DATA BELOW =
◇ ◇ ◇ ◇ ◇

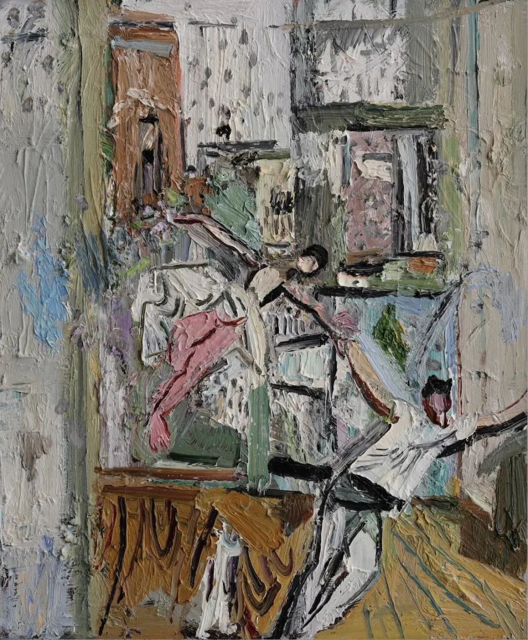 【编者按】在一个艳阳天的春日,来到闫平老师的画室。窗外的梨花、桃花在热闹的怒放,光线变幻中,暖调的粉色,冷灰的嫩绿与画架上一幅尚未完成的油画相互应和着,但画上的“景色”远比春光里的姹紫嫣红来的更动人心魄。其间冷暖色块的交融碰撞,线条在轻重缓急,启承转和间的书写,既是个人的日常,又是与大时代一起搏动的史诗。大概“万簇生成”的四月里总是要诞生一些不平凡的故事吧。
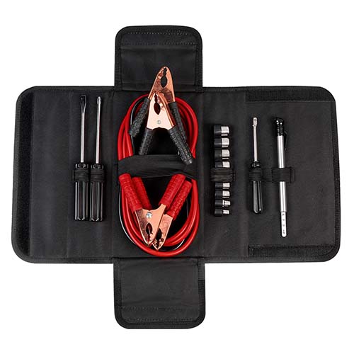 | Descripción: SET DE EMERGENCIA HUESCA (Contiene cables pasa corriente, 9 dados, medidor de presión de aire, desarmador punta de cruz, desarmador punta plana, desarmador para dados. Incluye estuche de tela.) | |
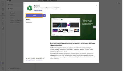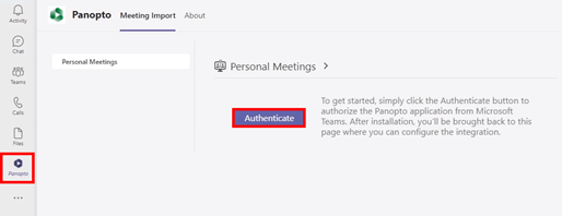 1. To map your Personal meetings, open the Panopto app in Microsoft Teams.

◇ ◇ ◇ ◇ ◇

EXERCISE = The listing above should be returned word for word, with pictures omitted.

ANSWER BOX =
 【编者按】在一个艳阳天的春日,来到闫平老师的画室。窗外的梨花、桃花在热闹的怒放,光线变幻中,暖调的粉色,冷灰的嫩绿与画架上一幅尚未完成的油画相互应和着,但画上的“景色”远比春光里的姹紫嫣红来的更动人心魄。其间冷暖色块的交融碰撞,线条在轻重缓急,启承转和间的书写,既是个人的日常,又是与大时代一起搏动的史诗。大概“万簇生成”的四月里总是要诞生一些不平凡的故事吧。
 | Descripción: SET DE EMERGENCIA HUESCA (Contiene cables pasa corriente, 9 dados, medidor de presión de aire, desarmador punta de cruz, desarmador punta plana, desarmador para dados. Incluye estuche de tela.) | |
 1. To map your Personal meetings, open the Panopto app in Microsoft Teams.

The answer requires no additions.